• The problem: Please reproduce all the records exactly while leaving out their pictures.

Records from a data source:
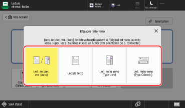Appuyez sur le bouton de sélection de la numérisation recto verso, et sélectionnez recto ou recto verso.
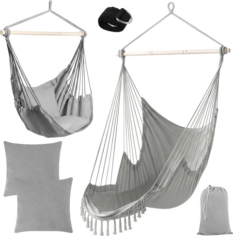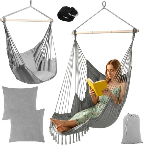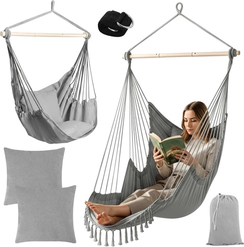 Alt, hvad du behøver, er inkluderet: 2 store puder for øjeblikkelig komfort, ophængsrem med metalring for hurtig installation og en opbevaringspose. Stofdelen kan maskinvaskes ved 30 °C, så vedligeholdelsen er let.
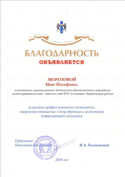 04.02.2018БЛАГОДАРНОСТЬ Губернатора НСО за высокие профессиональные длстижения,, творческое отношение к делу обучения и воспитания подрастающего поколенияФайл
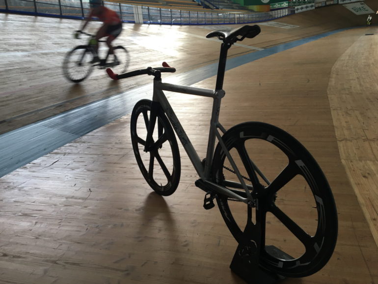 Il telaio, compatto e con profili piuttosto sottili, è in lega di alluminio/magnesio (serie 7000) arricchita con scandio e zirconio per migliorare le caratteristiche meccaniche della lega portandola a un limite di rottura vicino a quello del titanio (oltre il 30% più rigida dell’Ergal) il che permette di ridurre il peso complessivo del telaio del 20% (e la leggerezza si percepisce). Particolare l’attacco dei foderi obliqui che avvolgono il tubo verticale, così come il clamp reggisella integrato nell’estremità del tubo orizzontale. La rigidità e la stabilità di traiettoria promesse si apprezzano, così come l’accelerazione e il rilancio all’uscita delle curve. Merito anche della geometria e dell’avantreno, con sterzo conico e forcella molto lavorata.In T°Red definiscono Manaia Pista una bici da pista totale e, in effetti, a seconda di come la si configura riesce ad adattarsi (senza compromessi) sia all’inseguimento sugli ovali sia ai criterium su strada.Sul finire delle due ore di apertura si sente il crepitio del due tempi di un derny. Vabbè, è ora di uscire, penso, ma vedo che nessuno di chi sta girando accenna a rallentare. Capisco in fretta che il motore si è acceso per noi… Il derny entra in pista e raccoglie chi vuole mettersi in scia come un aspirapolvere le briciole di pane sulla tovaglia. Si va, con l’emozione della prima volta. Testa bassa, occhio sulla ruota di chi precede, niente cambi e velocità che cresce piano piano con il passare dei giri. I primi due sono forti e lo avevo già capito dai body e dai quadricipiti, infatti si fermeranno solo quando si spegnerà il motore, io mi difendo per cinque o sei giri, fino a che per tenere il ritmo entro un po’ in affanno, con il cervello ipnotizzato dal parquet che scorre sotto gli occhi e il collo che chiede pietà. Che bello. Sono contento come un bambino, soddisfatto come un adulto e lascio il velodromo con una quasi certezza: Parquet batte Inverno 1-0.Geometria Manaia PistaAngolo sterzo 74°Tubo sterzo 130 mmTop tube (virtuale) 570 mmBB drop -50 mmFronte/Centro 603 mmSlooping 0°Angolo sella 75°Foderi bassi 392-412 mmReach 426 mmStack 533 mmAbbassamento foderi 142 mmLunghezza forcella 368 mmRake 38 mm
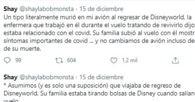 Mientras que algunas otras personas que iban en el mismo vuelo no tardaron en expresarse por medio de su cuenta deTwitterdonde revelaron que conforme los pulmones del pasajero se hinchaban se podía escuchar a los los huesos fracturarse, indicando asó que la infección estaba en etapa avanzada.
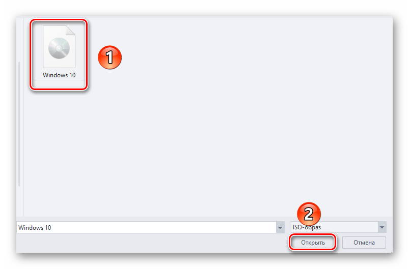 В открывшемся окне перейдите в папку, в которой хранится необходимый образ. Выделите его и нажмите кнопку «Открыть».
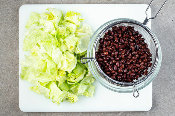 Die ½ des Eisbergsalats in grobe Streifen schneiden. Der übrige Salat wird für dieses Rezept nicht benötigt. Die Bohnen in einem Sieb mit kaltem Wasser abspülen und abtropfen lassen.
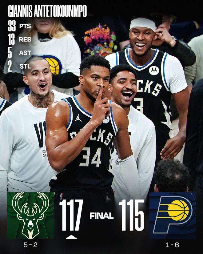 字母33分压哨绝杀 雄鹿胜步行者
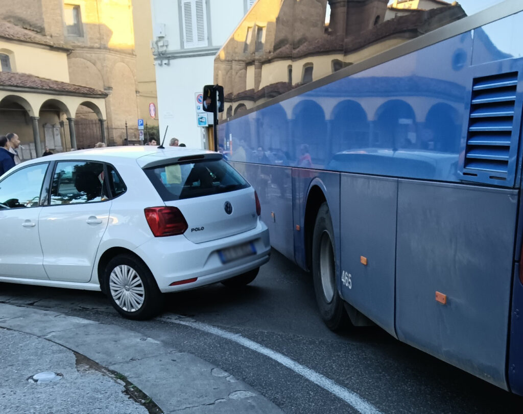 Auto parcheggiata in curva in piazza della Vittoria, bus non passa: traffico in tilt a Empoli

• Answer for this exercise:
Appuyez sur le bouton de sélection de la numérisation recto verso, et sélectionnez recto ou recto verso.
 Alt, hvad du behøver, er inkluderet: 2 store puder for øjeblikkelig komfort, ophængsrem med metalring for hurtig installation og en opbevaringspose. Stofdelen kan maskinvaskes ved 30 °C, så vedligeholdelsen er let.
 04.02.2018БЛАГОДАРНОСТЬ Губернатора НСО за высокие профессиональные длстижения,, творческое отношение к делу обучения и воспитания подрастающего поколенияФайл
 Il telaio, compatto e con profili piuttosto sottili, è in lega di alluminio/magnesio (serie 7000) arricchita con scandio e zirconio per migliorare le caratteristiche meccaniche della lega portandola a un limite di rottura vicino a quello del titanio (oltre il 30% più rigida dell’Ergal) il che permette di ridurre il peso complessivo del telaio del 20% (e la leggerezza si percepisce). Particolare l’attacco dei foderi obliqui che avvolgono il tubo verticale, così come il clamp reggisella integrato nell’estremità del tubo orizzontale. La rigidità e la stabilità di traiettoria promesse si apprezzano, così come l’accelerazione e il rilancio all’uscita delle curve. Merito anche della geometria e dell’avantreno, con sterzo conico e forcella molto lavorata.In T°Red definiscono Manaia Pista una bici da pista totale e, in effetti, a seconda di come la si configura riesce ad adattarsi (senza compromessi) sia all’inseguimento sugli ovali sia ai criterium su strada.Sul finire delle due ore di apertura si sente il crepitio del due tempi di un derny. Vabbè, è ora di uscire, penso, ma vedo che nessuno di chi sta girando accenna a rallentare. Capisco in fretta che il motore si è acceso per noi… Il derny entra in pista e raccoglie chi vuole mettersi in scia come un aspirapolvere le briciole di pane sulla tovaglia. Si va, con l’emozione della prima volta. Testa bassa, occhio sulla ruota di chi precede, niente cambi e velocità che cresce piano piano con il passare dei giri. I primi due sono forti e lo avevo già capito dai body e dai quadricipiti, infatti si fermeranno solo quando si spegnerà il motore, io mi difendo per cinque o sei giri, fino a che per tenere il ritmo entro un po’ in affanno, con il cervello ipnotizzato dal parquet che scorre sotto gli occhi e il collo che chiede pietà. Che bello. Sono contento come un bambino, soddisfatto come un adulto e lascio il velodromo con una quasi certezza: Parquet batte Inverno 1-0.Geometria Manaia PistaAngolo sterzo 74°Tubo sterzo 130 mmTop tube (virtuale) 570 mmBB drop -50 mmFronte/Centro 603 mmSlooping 0°Angolo sella 75°Foderi bassi 392-412 mmReach 426 mmStack 533 mmAbbassamento foderi 142 mmLunghezza forcella 368 mmRake 38 mm
 Mientras que algunas otras personas que iban en el mismo vuelo no tardaron en expresarse por medio de su cuenta deTwitterdonde revelaron que conforme los pulmones del pasajero se hinchaban se podía escuchar a los los huesos fracturarse, indicando asó que la infección estaba en etapa avanzada.
 В открывшемся окне перейдите в папку, в которой хранится необходимый образ. Выделите его и нажмите кнопку «Открыть».
 Die ½ des Eisbergsalats in grobe Streifen schneiden. Der übrige Salat wird für dieses Rezept nicht benötigt. Die Bohnen in einem Sieb mit kaltem Wasser abspülen und abtropfen lassen.
 字母33分压哨绝杀 雄鹿胜步行者
 Auto parcheggiata in curva in piazza della Vittoria, bus non passa: traffico in tilt a Empoli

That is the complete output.